February 1, 2017
Faculty Profile: Ellen Seiter
By Sabrina Malekzadah
Ellen Seiter is a professor in the Bryan Singer Division of Cinema and Media Studies. She also holds the Nenno Endowed Chair in Television Studies. She recently won the 2016-2017 Pedagogy Award from the Society for Cinema and Media Studies. The award is given for instruction, publication and development of educational materials, and service/value in Cinema and Media Studies Pedagogy. Professor Seiter is also the author of many books including The Internet Playground: Children’s access, Entertainment and Mis-Education and Television and New Media Audiences. She comes from a long line of teachers—many of them women—and she feels that as an educator she is honoring them today.
What classes do you teach at SCA? I teach the big lecture class in Norris, 191: Introduction to Television. I also have recently taught teen film, anime, crime for undergrads; and for grads theory courses on scholars such as Bourdieu, Barthes, Zizek, and Brecht.
Do you have a favorite? Why? I love teaching 191 and watching as students who enter the class completely focused on film become really enthusiastic about the amazing developments in long form television over the last decade. My favorite upper division class recently was CTCS 403 American Television History, which I taught on streaming. With the explosion of new platforms and models for distributing film and TV it is a very exciting time to watch how streaming is changing the industry and changing how we watch TV.
What does it mean for you to win the Pedagogy award from the Society for Cinema and Media Studies? This is a career award, so in the nomination we covered all of the different phases of my career at many different universities and including the work I have done in K-12 education around new media and media production. It’s a very competitive honor and I am just enormously moved by this recognition of my work.
Some of the books you have written focus on the relationship between children/teens and television. Why do you think these two relate to one another? Television producers need the teen audience because 1. kids and teens still have time to watch TV (and broadcast TV); 2. they have their own spending money, so advertisers want to reach them; 3. they are just forming many of the consumer habits they will have as adults, so again, advertisers are very, very keen to reach them; 4. they influence their parents’ spending; 5. boys are notoriously difficult to reach if they are video game players; 6. children and teens have more leisure time and therefore are good at speaking “word of mouth” about favorite films and TV shows.
What is one lesson you hope that students take out of your class? That writing takes time and revision, having other people read it, proofreading. That audiences for TV and film are not as dumb as those of us at university like to think they are. They can have any different motives for going to “bad” films or watching trash TV. That stereotypes in the media are stubborn and require a lot of thought if one is to make more challenging representations.

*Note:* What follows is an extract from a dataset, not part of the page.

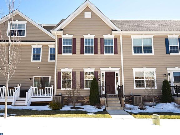 This magnificent townhome is perched in the sought after Carriage Hill Development in Doylestown. Central Bucks School District. Why wait for new construction, when you can move right into this 'like new' 3 year old home. This home has 3 bedrooms, 2.5 Baths and a full finished basement. The spacious eat in kitchen is gorgeous with 42' Espresso cabinets, stainless appliances, wainscoting, kitchen island, which holds additional outlets, pendent and recessed lighting. Beautiful hardwood floors through out the first level. The second level boasts 3 bedrooms with carpet and 2 full baths with tiled flooring. The Master bedroom is spacious with a generous walk in closet. The full finished basement is very cozy and complete with laundry. This home is energy efficient. You can enjoy a beautiful day on your brick paver patio or the community gazebo. Walking distance to Hanusey Community Park with various sports fields, playground and walking paths. Just an $8 Uber ride away from everything Doylestown has to offer.
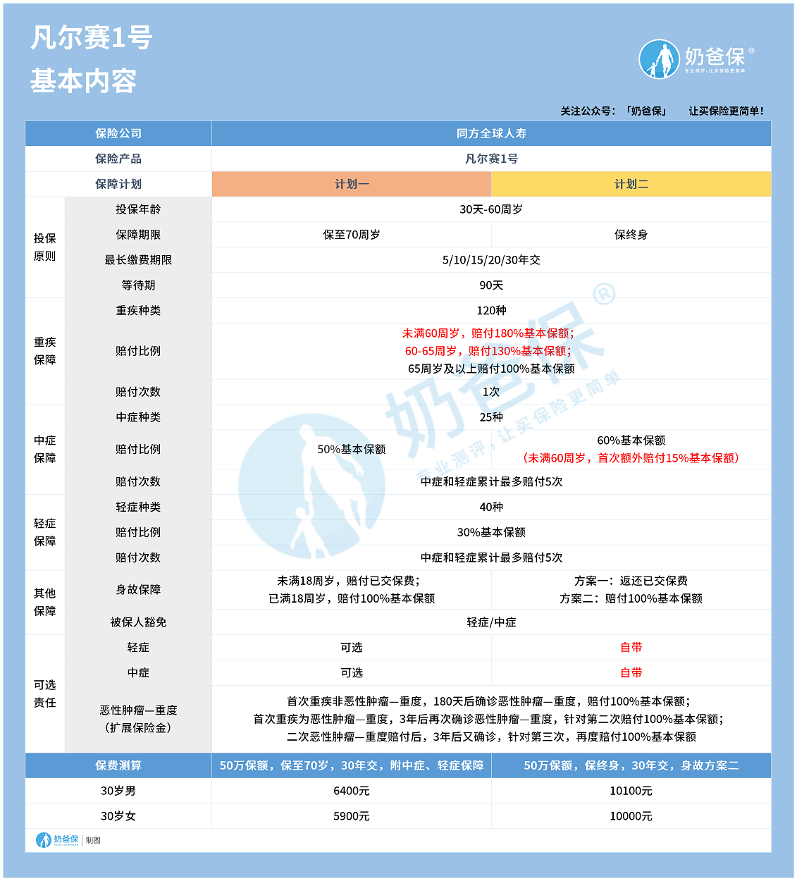 奶爸今天就来详细测评一下同方全球凡尔赛1号重疾险:

Anything else you would like to share? The most vital part of teaching is the process of establishing the relationship as one of mutual learning. Guiding students to the choice of a research topic, and watching students discover their own capacity for reflection, as well as their strengths and weaknesses are adventures I truly enjoy. The best mentoring happens when both of us are honest and open enough to shed unworkable projects, theses or expectations, and freely exchange ideas so that we can work flexibly to produce the best work possible.